Evaluation

Evaluation is a form of testing that helps you validate your LLM's responses and ensure they meet your quality bar.

Genkit supports third-party evaluation tools through plugins, paired with powerful observability features that provide insight into the runtime state of your LLM-powered applications. Genkit tooling helps you automatically extract data including inputs, outputs, and information from intermediate steps to evaluate the end-to-end quality of LLM responses as well as understand the performance of your system's building blocks.

Types of evaluation

Genkit supports two types of evaluation:

  • Inference-based evaluation: This type of evaluation runs against a collection of pre-determined inputs, assessing the corresponding outputs for quality.

    This is the most common evaluation type, suitable for most use cases.

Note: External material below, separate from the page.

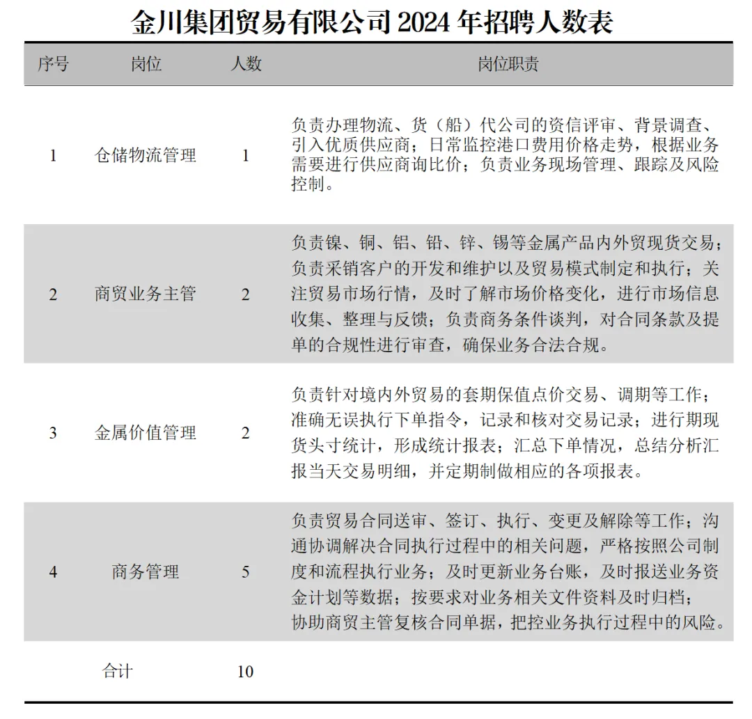 3.专业:商贸业务主管、商务管理岗位经济、金融、国际贸易、冶金化工、材料工程类专业优先;仓储物流管理岗位仓储物流管理、供应链管理等专业优先;金属价值管理岗位经济学、数学、金融学、国际贸易、冶金工程、材料工程类专业优先;

This approach tests a system's actual output for each evaluation run.

    You can perform the quality assessment manually, by visually inspecting the results. Alternatively, you can automate the assessment by using an evaluation metric.

  • Raw evaluation: This type of evaluation directly assesses the quality of inputs without any inference. This approach typically is used with automated evaluation using metrics. All required fields for evaluation (e.g., input, context, output and reference) must be present in the input dataset. This is useful when you have data coming from an external source (e.g., collected from your production traces) and you want to have an objective measurement of the quality of the collected data.

    For more information, see the Advanced use section of this page.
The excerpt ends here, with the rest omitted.